Was there a change at some point in the grammar that affected the validity 
of extra periods in a row?

> I have also ran the set through Sesame's SPARQL parser of course. I get
> a number of errors (24) and failures (18), most of which have to do with
> our implementation (we currently do not yet support functions and
> ordering, and the parser throws exceptions on queries containing those
> features).
> 
> I also came across this interesting failure. The following parser test
> (syntax-sparql1/syntax-forms-02) fails:
> 
>  PREFIX : <http://example.org/ns#>
>  SELECT * WHERE { ( [] [] ) }
> 
> To be honest I have no idea how to read this query, I would appreciate
> insights.

Looks like an RDF collection with two blank node elements to me.

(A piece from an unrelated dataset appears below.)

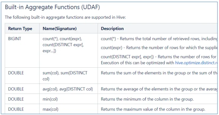 比如Hive官方文档中,针对聚合函数的标准就是内置的UDAF类型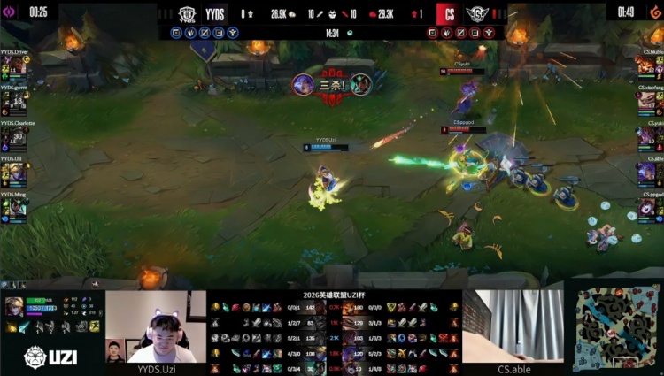 中期双方持续大乱斗,Xiaofang冥犬锁头Uzi将其融化,下路3v3,Able芸阿娜配合ppgod璐璐大招爆轰三杀,但大人头被Ming拿到,Able队打出1换3。野区再度混战,Yuki阿萝拉双杀收割,Able队随后推进放出先锋撞掉Uzi队中路二塔,Uzi队反打2换3,但经济落后5k。

Let's see 
how it works in the grammar...

It matches [39] Collection first; then two [40] GraphNode productions. 
Each of those matches a [41] VarOrTerm which matches [44] GraphTerm  which 
matches [65] BlankNode which matches [84] ANON which consumes '[' WS* ']' 
.


> Also: a fair number of the errors Sesame's parser throws have to do with
> the queries in the syntax-sparql2 set, which use relative URIs in
> queries (e.g. <a>, <b>, <p1>, etc.). A relative URI has to be resolved
> against a base URI - which is normally provided using a BASE clause.
> However, the queries in this test set do not have such a clause. Andy
> has pointed out to me that according to RFC3986 (URI) in such cases the
> base URI should be provided by the 'embedding entity', i.e. the location
> of the file that contains the query. Sesame's query parser has no
> feature for this however: it only accepts a query string as an argument,
> a base URI for resolving any relative referencing inside that query can
> not be provided seperately. I guess that this is a shortcoming in our
> current parser that we should deal with in Sesame.
> 
> However, correct resolution in this fashion is a feature of file
> processing, not query parsing, IMHO, and the test set is designed to
> test query parsing, not file processing. So I would suggest that we
> modify these test cases to have a base URI inside the query. This avoids
> having implementations fail tests on this problem. Thoughts?

I think this is similar to the undefined functions case, though I'm not 
sure what we should do about it. They're not parse errors per se; they're 
evaluation errors that our engines are catching at parse time. I need to 
think a bit about what I think is the best way to handle these in 
implementation reporting...

> Next up: evaluation tests (which are, after all, the more interesting
> test cases ;)).

yeah! :-)

Lee

> 
> Jeen
> -- 
> Dr. Jeen Broekstra                                          Den Dolech 2
> Information Systems Group                                        HG 7.76
> Department of Mathematics and Computer Science              P.O. Box 513
> Technische Universiteit Eindhoven                      5600 MB Eindhoven
> tel. +31 (0)40 247 36 86                                 The Netherlands
>
Received on Thursday, 18 January 2007 19:21:24 UTC